Entre le printemps et l'automne, certains changements ont été abandonnés

 

Mais l'universitaire souligne qu'une bonne partie des modifications introduites par le nouveau code ont, entre temps, été amendées par la version discutée au Parlement ces jours-ci:

"On supprimait par exemple la rupture amiable pour motif économique, très importante dans le code du travail toujours en vigueur, dans la mesure où cela encadre très précisément une procédure, et notamment la question du reclassement via les plans de sauvegarde de l'emploi. Depuis longtemps, le patronat réclame de pouvoir négocier individuellement avec les salariés, un par un. Ce qui reviendrait à enterrer les plans sociaux traditionnels.

"Dans le texte du mois de mars, on a fait 'semblant d'oublier' la rupture amiable pour motif. La mauvaise foi était d'autant plus forte que le texte n'était pas discuté dans l'hémicyle!"

S'il y a bien eu reculade sur la rupture amiable, la nouvelle version du texte, telle qu'elle est discutée cette semaine à l'Assemblée, compte en revanche toujours une modification substancielle sur la période d'essai, qui devient une "période de consolidation":

 

Un changement fondamental, met en garde Emmanuel Dockes:

"On n'évalue plus la personne mais les besoins. Or, sur le terrain, c'est très concret: on supprime en fait l'application des droits liés au licenciement économique pour tous les salariés qui sont en période d'essai."

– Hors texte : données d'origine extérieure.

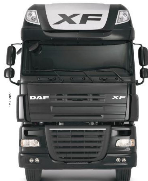
• No XF105, a cabine Space contará com o opcional de defletores laterais para atender as demandas do equipamento para diferentes implementos

As versões 2018 tanto do XF105 como do CF85 passam ainda a ser ofertados de série com desligamento automático do motor. O dispositivo funciona em caso de inatividade operacional de cinco minutos (marcha lenta) em todos os veículos. Com alta demanda de mercado, visa reduzir o consumo de combustível. O condutor é alertado previamente do estado ocioso prolongado e o sistema desliga automaticamente o motor.
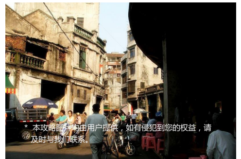
* 本攻略图片均由用户提供，如有侵犯到您的权益，请及时与我们联系。
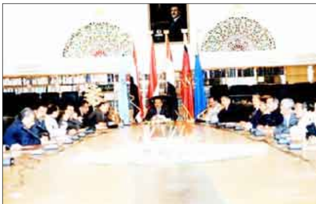
الامانة العامة للمؤتمر الشعبي العام / ارشيف
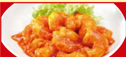
海老のチリソース 税込890円
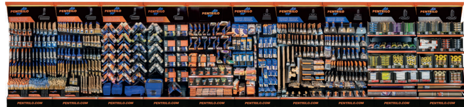
▲ Expositor de produtos da Pentrilo

Para fazer uma ideia, a média da idade da nossa equipa diretiva são 45 anos e quase todos estamos há
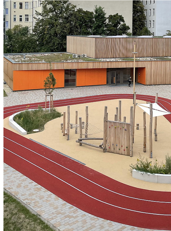
Neubau von Sporthalle, Laufbahn und Bewegungsparcours für die Johannes-Schule

Eine wichtige Aufgabe im Gebiet Schöneberg Südkreuz ist die bessere Vernetzung der einzelnen Ortsteile in dem von Bahnlinien zerschnittenen Gebiet. Diesem Zweck dient nicht zuletzt der neue Ost-West-Grünzug für Fußgänger, Radler und Skater von Neu-Tempelhof über die Schöneberger Insel bis zur Ebersstraße. Er verbindet die Ortsteile Tempelhof und Schöneberg, auch mithilfe einer neuen Fußgänger- und Radfahrerbrücke, dem Alfred-Lion-Steg.
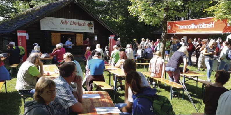
WirWunder Mai 2022

Weitere Infos bitte der Tagespresse entnehmen. Treffpunkt: 8:30 Uhr mit PKW beim Netto-Markt Lindach. Infos und Anmeldung bis Ende Mai 2023 bei: Bernd Maile, Tel. 07171-72405
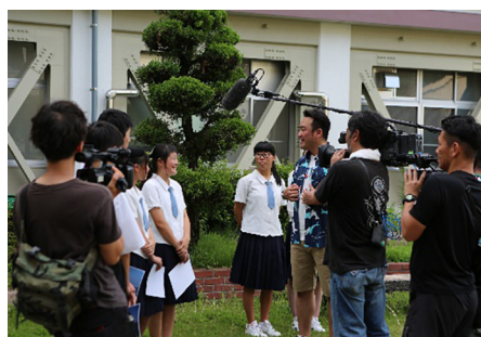
毎日放送の収録の様子

Le texte supprime les peines de récidive pour certaines infractions

 

L'inspecteur du travail Pierre Mériaux s'insurge par ailleurs qu'on ait basculé le droit de grève dans le chapitre de la négociation collective -"une brêche très forte" et que le nouveau texte "supprime les peines de récidive pour de nombreuses infractions des employeurs, notamment celles qui concernent les délits d'entrave à la représentation du personnel ou à l'inspection du travail... au moment où l'on nous vante justement la tolérance zéro!"

 



 

Dernier point particulièrement mis en exergue par les inspecteurs du travail: "le transfert de la durée du travail dans la partie du code consacrée aux salaires". "Une grosse revendication du Medef depuis longtemps", décrypte Emmanuel Dockes, à l'université de Lyon:

"En termes de choix idéologique, ce glissement en dit long. On bascule dans la culture d'autres pays, comme l'Allemagne, où la grève est annexée à la négociation collective."

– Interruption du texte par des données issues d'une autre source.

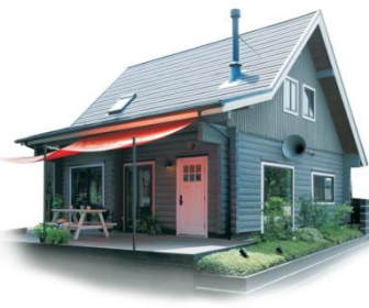
カントリーログハウス
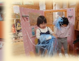
お風呂でシャワー! レストランでランチよ! ごっこ遊びや見立て遊びに夢中です♪
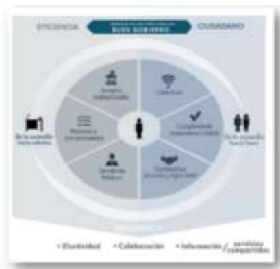
Ilustración 2. Modelo de Gestión Públicas Buen Gobierno

Les gérants de supérette déçus par les derniers remaniements

 

Toutefois, une grande confusion règne sur le terrain. Si certaines professions critiquent la recodification au nom du dumping social, d'autres estiment que c'est justement la réforme de la réforme qui passe certains de leurs droits à l'as. C'est le cas des gérants de supérettes Casino.

 

Ayant appris dans la presse les modifications en jeu dans la dernière mouture du texte, Serge Riga, représentant CFTC dans le Sud-Est, dénonce ainsi le lobbying des professionnels de la grande distribution:

"La réforme n'avait rien pour nous déplaire, et nous accordait tous les avantages sociaux des salariés, outre le droit aux congés payés. Y compris, donc, le droit à la représentation syndicale, par exemple. Or, entre le mois de mars et le mois de septembre, le texte explicite que nous avons désormais seulement droit aux congés payés."